Without this desperately needed source of
funds, a despondent Churchill made plans to sell Chartwell, the home into which
he had poured so much of his money.
It was
Bracken who came to his rescue by having his associate Sir Henry Strakosch buy
Churchill’s American stocks at their original purchase price and pay him
interest to boot.
Strakosch performed similar financial magic in 1940, as Churchill
moved to the forefront of the movement to fight the Nazi war machine no matter
the cost.
Had these
arrangements been revealed at the time, they might have opened Churchill up to attempts
to discredit his wartime efforts—as indeed has happened now from the American far
right, with Darryl Cooper labeling Churchill “the “chief villain of the Second
World War” in an interview conducted by Tucker Carlson.
Bracken
was as instrumental in ensuring that Churchill finally became Prime Minister as
he had been in keeping him from declaring bankruptcy.

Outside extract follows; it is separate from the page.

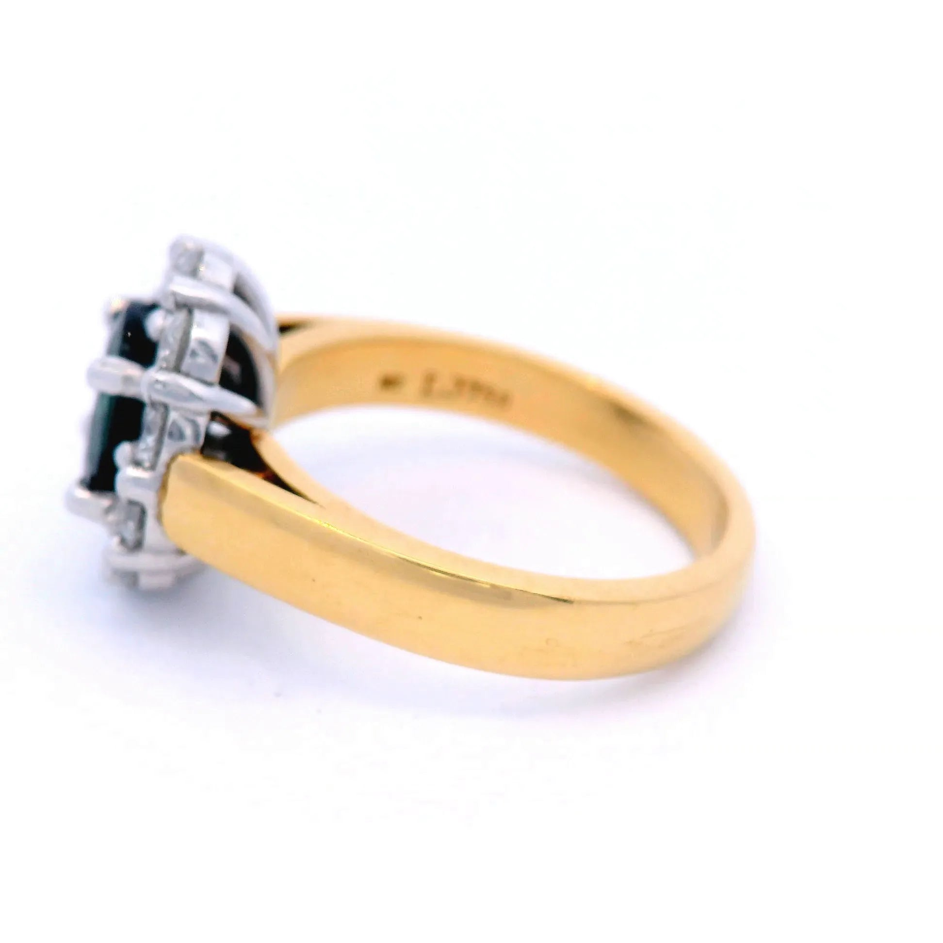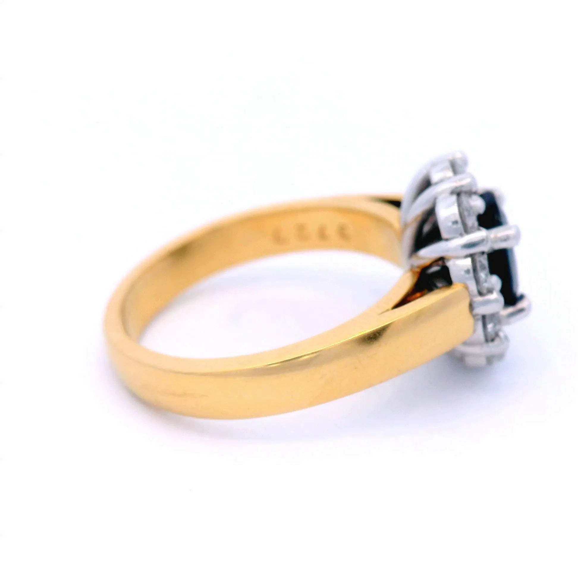 Princess Diana Sapphire with Halo Diamond Dress Ring Set in Yellow Gold

With Neville Chamberlain’s
leadership fatally undermined by a closer-than-expected no-confidence vote in the
House of Commons, Churchill told Bracken he was willing to serve under Chamberlain’s
desired successor, Foreign Secretary Lord Halifax.

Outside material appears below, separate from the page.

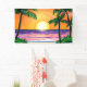 Stunning Watercolor Palm Trees Sunset, this design features a beautiful, Stunning Watercolor Palm Trees Sunset graphic. In an old school retro style.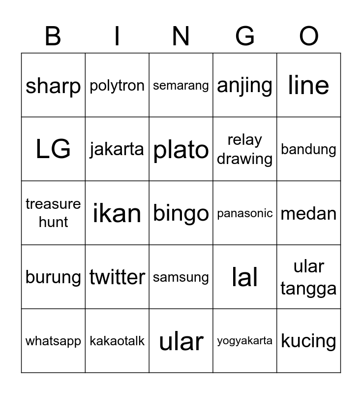 This bingo card has a free space and 24 words: twitter, kakaotalk, plato, whatsapp, line, sharp, LG, polytron, panasonic, samsung, relay drawing, treasure hunt, lal, ular tangga, jakarta, yogyakarta, medan, semarang, bandung, ikan, kucing, burung, anjing and ular.

Bracken got his friend to remain silent in the high-level meetings if Halifax were proposed to
lead the new government. In the end, Halifax, saying it would be difficult to
lead the war effort as a House of Lords member, left the field effectively open
to Churchill.
In 1941, Churchill named Bracken his Minister of Information—in effect,
in charge of wartime propaganda. Two authors distinctly unimpressed by what
they learned about Bracken at close range in the war obliquely targeted him in
their novels.
Evelyn
Waugh told future biographer Christopher Sykes that Brideshead Revisited’s
Rex Mottram was his only character fully drawn from life. Though he tried to disguise
the source by making Mottram a Canadian, other details—notably, the character’s
colonial origins, opportunism, overwhelming business success, and lack of
devotion or even interest in Catholicism—pointed towards Bracken.
And George
Orwell was so incensed by the restrictions under which he labored in Bracken’s
Ministry of Information, it was said, that he was inspired to create Big
Brother in 1984, with the character’s kinship with the politico hinted
at in their initials: B.B.
Churchill’s
landslide defeat in the 1945 General Election—in a campaign not helped by
Bracken’s advocacy of an overly negative, partisan tone—left the two men out of
power.
When Churchill returned to Downing Street six years later, Bracken
announced that ill health precluded his continuation in politics. But he
was not done serving his mentor and hero.
In June
1953, Bracken joined the Prime Minister’s inner circle in covering up the news
of Churchill’s massive stroke, claiming only that the leader required “complete
rest” for a while, ensuring that there would be no accurate UK coverage of the problem.
It wasn’t until a year passed that Churchill, having made a
great recovery in the meantime, gave even a hint of his health crisis.
By this
time, the health of Bracken himself, a lifelong chain smoker, was in more
serious danger. Upon hearing the news of the death of his stalwart friend in
1958 from lung cancer, Churchill lamented the loss of “poor, dear Brendan.”